Parents shared their perceptions of what it means when we say our students are college and career ready.

  • Multiple paths: Students need to realize options beyond the traditional path to four-year college, including tech programs, community college, military pursuits and career options. Not all students need a four-year degree.
  • Ready for life: Help students be aware of themselves and have grit to bounce back when things don’t go their way. They need social and emotional strength to be college and career ready—and ready for life.
  • College counselors: Students need to fully understand the timeline for scholarships, financial aid, and admissions for the different types of colleges they want to attend.

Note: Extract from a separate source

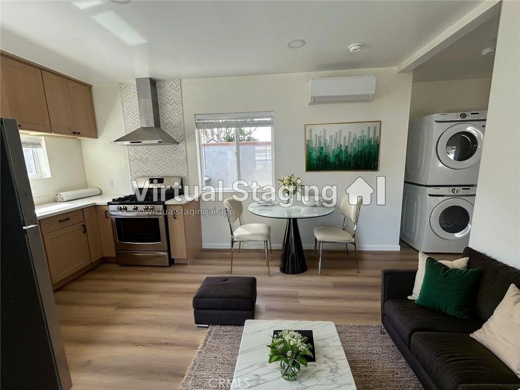Excellent Opportunity! Brand-new ADU located in the highly desirable city of Downey?perfect for a couple or a starting family. This beautiful unit sits next to a sparkling pool, ready to enjoy this summer. The home features recessed lighting, elegant walnut cabinets, and sleek quartz countertops, along with a brand-new refrigerator. It also includes a brand-new washer and dryer, dual-pane windows, a sliding glass door, new faux blinds, and its own A/C and heating wall units for year-round comfort. Ideally located in a prime area close to restaurants, markets, home improvement stores, hospitals, and major freeways. Walking distance to the Promenade Shopping Center?imagine enjoying dining just steps away at popular spots like Gaucho Grill, Lazy Dog, and Benihana. Conveniently located near Kaiser Permanente and PIH Health Downey Hospital, with easy access (less than 10 minutes) to the 105, 605, 5, and 710 freeways. Water and gas are included?paid by the homeowner.

  • Responsibility: Students must be responsible for their choices, with both positive and negative consequences for their independent behavior.
  • Organization: Students are organized in their academics, and they understand how to deal with stress.
  • Communication: Students have the knowledge, skills and abilities to read and write effectively, compile a resume, complete a job application, and converse respectfully with a diverse group of people.
  • Resourceful: Being trainable is important—no matter what path our students take in life. They need to be creative problem solvers as the enter the world of work.